### Exercise description
Since pictures are not wanted in the copy, output only the rest of each record exactly.

*** Supplied entries Section Begins ***

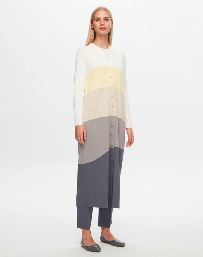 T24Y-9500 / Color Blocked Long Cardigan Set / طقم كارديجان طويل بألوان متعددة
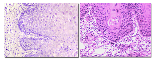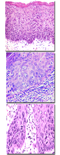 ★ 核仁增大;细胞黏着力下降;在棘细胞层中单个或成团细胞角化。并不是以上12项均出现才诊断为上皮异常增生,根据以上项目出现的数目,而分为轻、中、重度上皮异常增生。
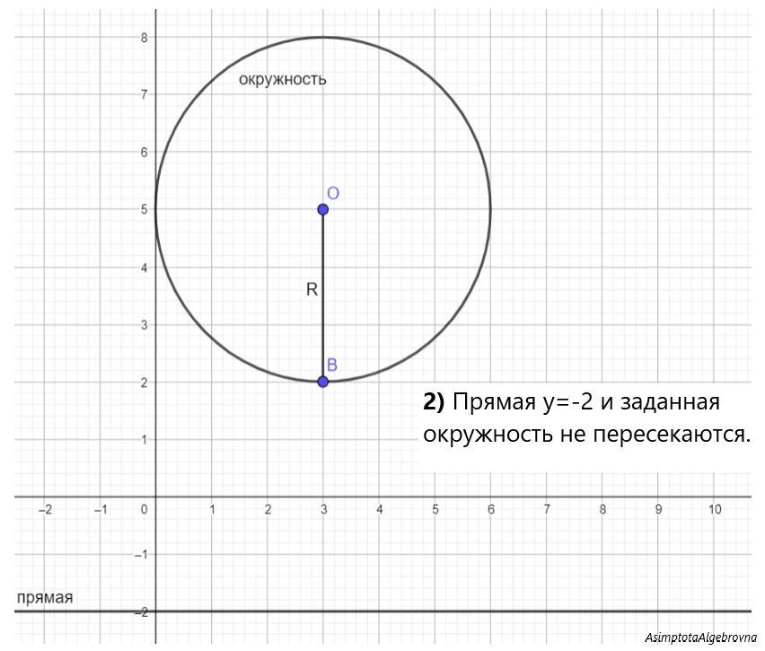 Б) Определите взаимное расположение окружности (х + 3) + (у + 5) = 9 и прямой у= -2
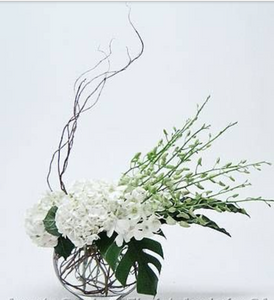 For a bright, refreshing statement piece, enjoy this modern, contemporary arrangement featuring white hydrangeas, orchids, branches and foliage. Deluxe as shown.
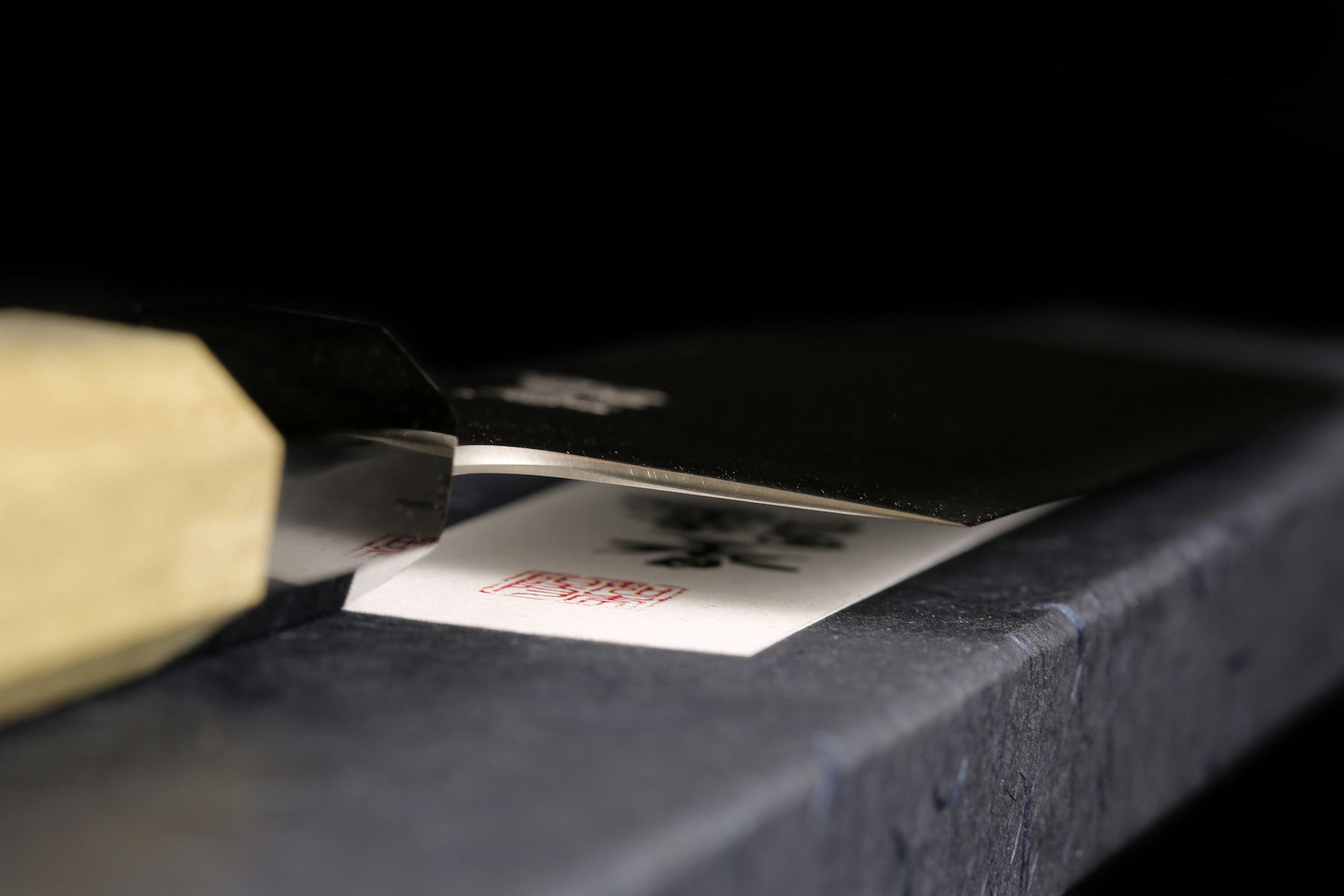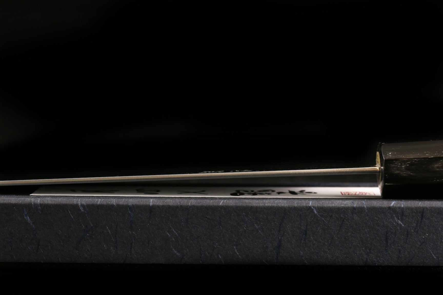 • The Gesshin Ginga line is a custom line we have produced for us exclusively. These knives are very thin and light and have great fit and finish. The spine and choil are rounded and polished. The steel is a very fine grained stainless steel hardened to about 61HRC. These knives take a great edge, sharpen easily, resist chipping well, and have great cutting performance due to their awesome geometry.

*** Supplied entries Section Ends ***

### Completed exercise
 T24Y-9500 / Color Blocked Long Cardigan Set / طقم كارديجان طويل بألوان متعددة
 ★ 核仁增大;细胞黏着力下降;在棘细胞层中单个或成团细胞角化。并不是以上12项均出现才诊断为上皮异常增生,根据以上项目出现的数目,而分为轻、中、重度上皮异常增生。
 Б) Определите взаимное расположение окружности (х + 3) + (у + 5) = 9 и прямой у= -2
 For a bright, refreshing statement piece, enjoy this modern, contemporary arrangement featuring white hydrangeas, orchids, branches and foliage. Deluxe as shown.
 • The Gesshin Ginga line is a custom line we have produced for us exclusively. These knives are very thin and light and have great fit and finish. The spine and choil are rounded and polished. The steel is a very fine grained stainless steel hardened to about 61HRC. These knives take a great edge, sharpen easily, resist chipping well, and have great cutting performance due to their awesome geometry.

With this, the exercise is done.